Intracellular bound Ca++ has been localized throughout mitosis and cytokinesis in two plant species by means of in situ precipitation with potassium antimonate and electron microscope visualization. Identification of Ca++ as the major cation precipitated was made by comparing solubility properties in water, EDTA, and EGTA of the intracellular deposits with respect to those of K+-, Mg++-, and Ca++-antimonate standards. In spermatogenous cells of the water fern, Marsilea vestita, and stomatal complex cells of barley, Hordeum vulgare, antimonate deposits have been found associated with the endoplasmic reticulum (ER), vacuoles, euchromatin/nucleoplasm, and mitochondria. The last contain a much higher density of precipitates in Marsilea than in Hordeum. Dictyosomes and the nuclear envelope of Marsilea also contain antimonate deposits, as do the plasmalemma, cell wall, and phragmoplast vesicles of Hordeum. Microtubule-organizing centers such as kinetochores and the blepharoplast of Marsilea do not stain.
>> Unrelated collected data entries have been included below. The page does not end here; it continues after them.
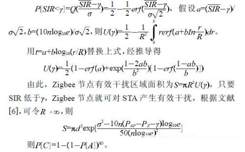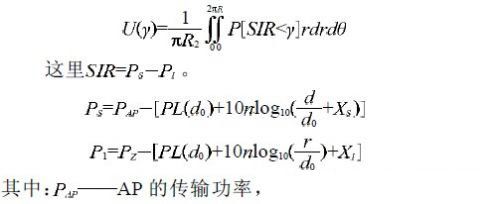 根據(jù)文獻[5]和[6],對于一個半徑為R 的覆蓋區(qū),假設(shè)STA的SIR 的閾值為γ (如果Zigbee 節(jié)點要對STA 產(chǎn)生有效的干擾,使其SIR 必須小于γ ),則有效干擾區(qū)域的百分比為U(γ )(即對于STA的SIR低于γ的區(qū)域百分比),如果在半徑范圍內(nèi)導(dǎo)致SIR低于閾值的概率為P[SIR《γ] ,則: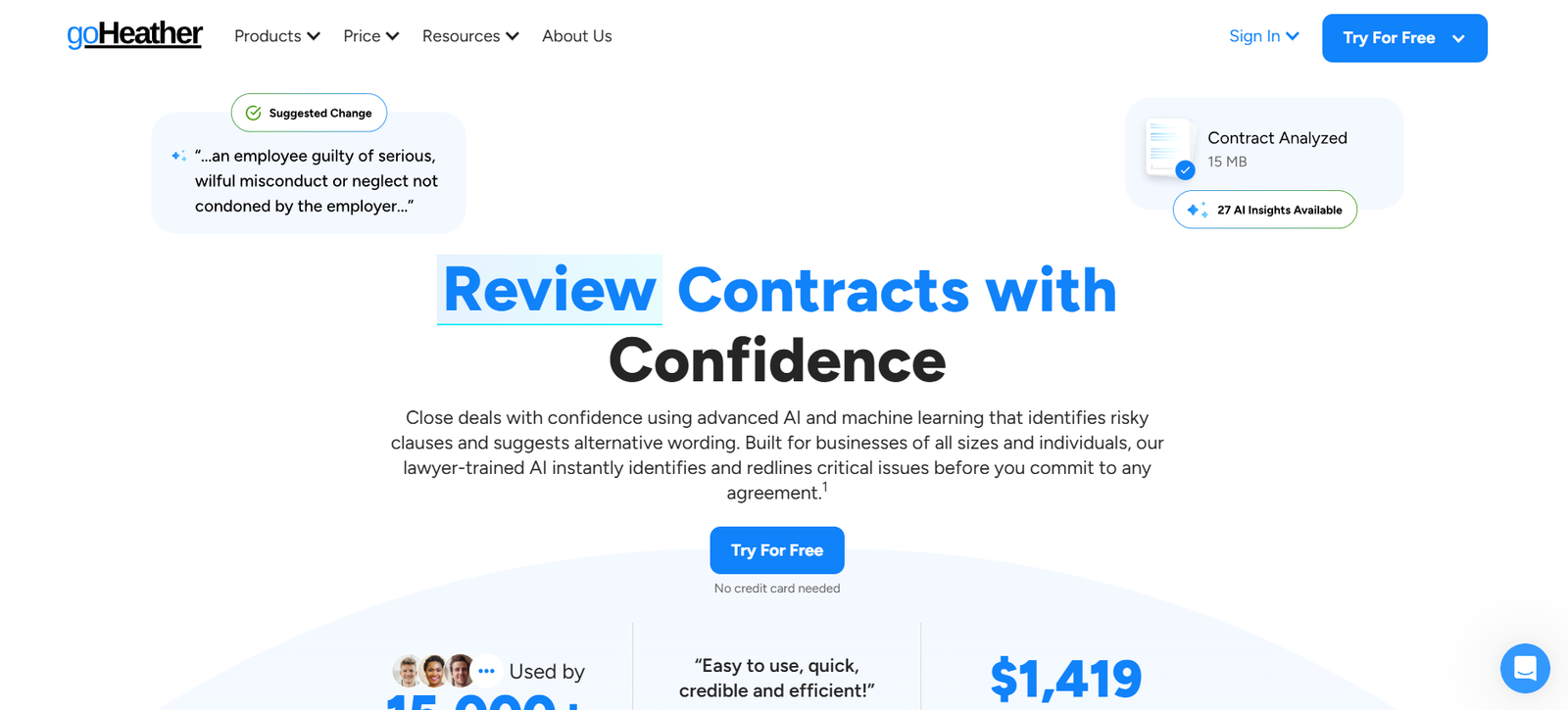 GoHeather reviews employment contracts and highlights potential legal issues, missing clauses, or unfair terms. Users can upload a document and receive an annotated version with AI feedback.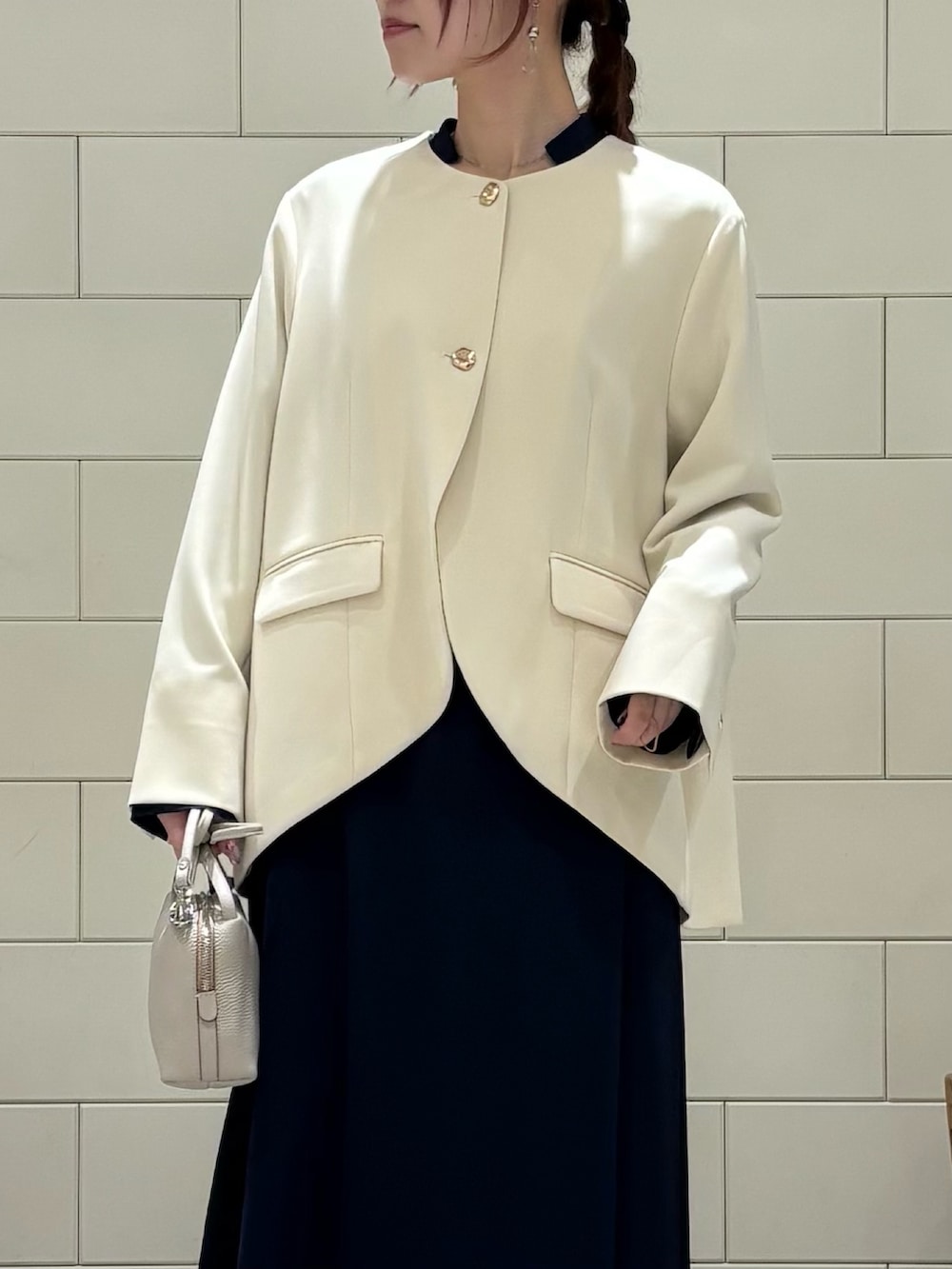 デザイン性のある別注ジャケットです。モチーフのあるゴールドボタンが上品で華やかにスタイリングをまとめてくれます。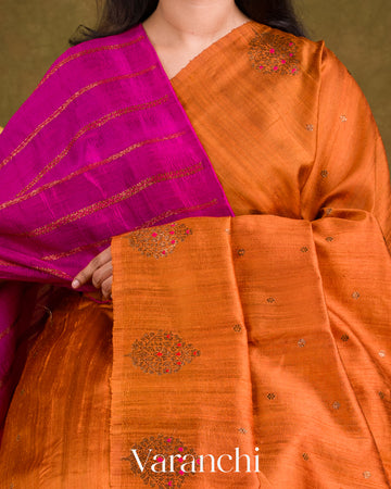 Burnt Orange Borderless Pure Raw Silk Handloom Saree

In spite of differences in associated antimonate between certain organelles of the two species, the presence of antimonate aong the ER throughout the cell cycle is common to both. Of particular interest are those precipitates seen along the tubules and cisternae of the extensive smooth ER that surrounds and invades the mitotic spindle in both species. The ability to bind divalent cations makes the mitotic apparatus (MA)-associated ER a likely candidate for regulation of free Ca++ levels in the immediate vicinity of structural components and processes that are Ca++-sensitive and proposed to be Ca++-regulated.